Webby Rss feed and Syntax Highlighting

When I first started blogging I used Wordpress, while it was nice at that time, it felt rather cumbersome to use for posting technical stuff like code samples. Also having everything in the database make it difficult to use my favorite text editor to manage my content. So I decided to move to Webby : it allows you to use the power of ruby erb inside you html pages without the overkill of running a rails Another advantage is that it creates static html so it's both fast and secure.

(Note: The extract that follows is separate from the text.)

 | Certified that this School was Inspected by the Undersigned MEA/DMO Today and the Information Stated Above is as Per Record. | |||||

I've been running it now for more then a year and have been happy ever since. This blogpost shares some of my scripts/enhancements I've used:

  • Wordpress exporter to Webby : this was my first challenge, how do I get everything from my wordpress out of that database. I wrote a little script that reads from the RSS feed of the wordpress and export everything into webby structure . It's not the most robust script (it was early stages ruby for me at that time), but you'll get the idea.

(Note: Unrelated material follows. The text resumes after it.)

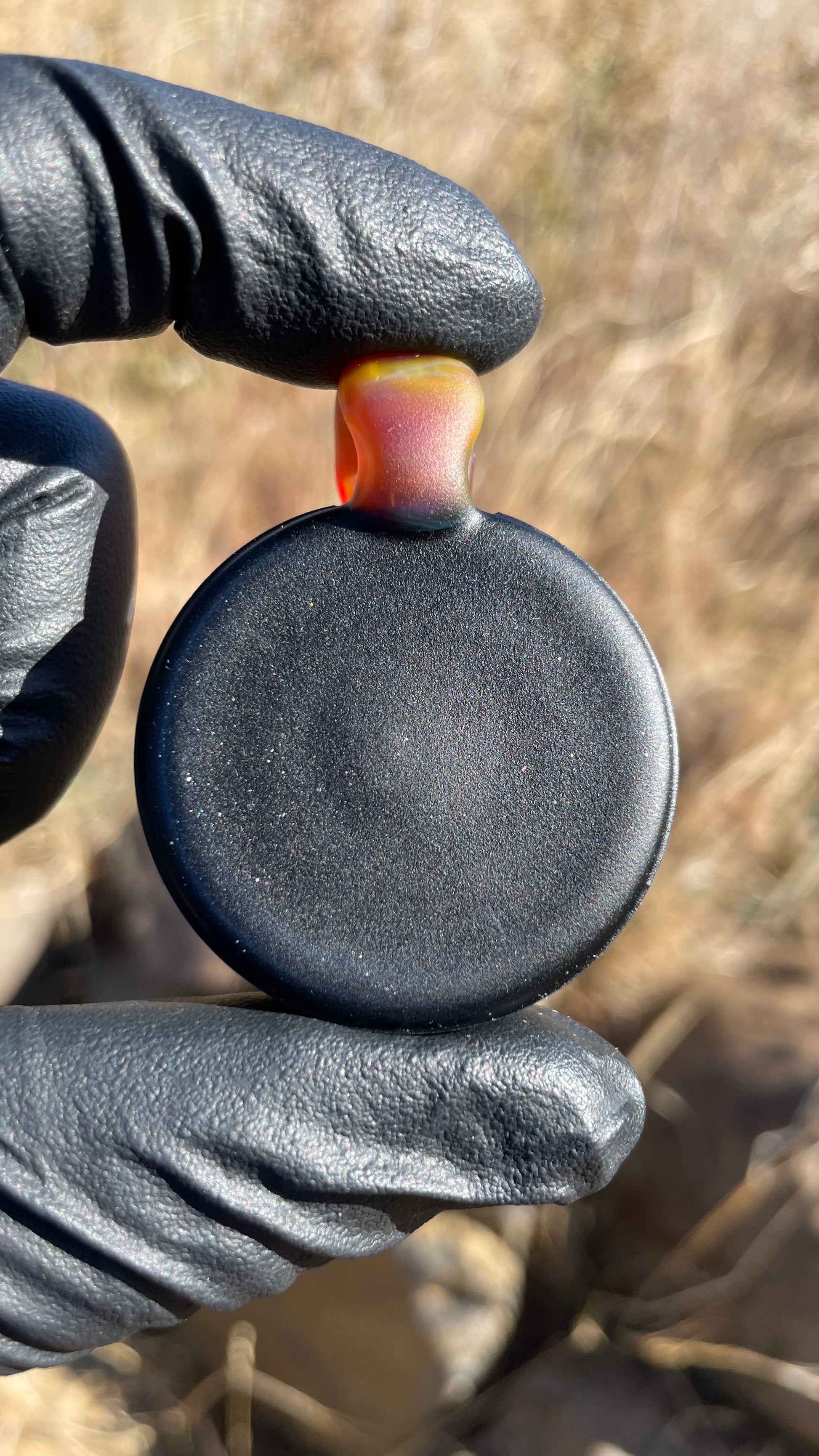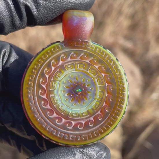 Borosilicate glass pendant featuring a deep carved pattern on the front and sides with one Gilson Opal.

  • RSS feed in Webby: I didn't find any good rss feed code, most of it didn't pass the rss validation. So here you can find my take on it. As a bonus the script tries to make your images absolute, which is important for having your images displayed in some rss feedreaders.

  • Highlighting with Coderay : webby includes a way to highlight parts of the code. This works very well, but I found myself missing a way to include a file instead of pasting the code directly into the blogpost. This has many advantages: I can edit the file separate and the correct syntax highlighting in my favorite text editor still works. And the escaping works better for ruby code as there can not be a problem with escaping special characters. After a while I switched to Ultraviolet because it has way more syntaxes supported. The downside is that it requires the onigurama library . This isn't really a problem on Mac using Macports.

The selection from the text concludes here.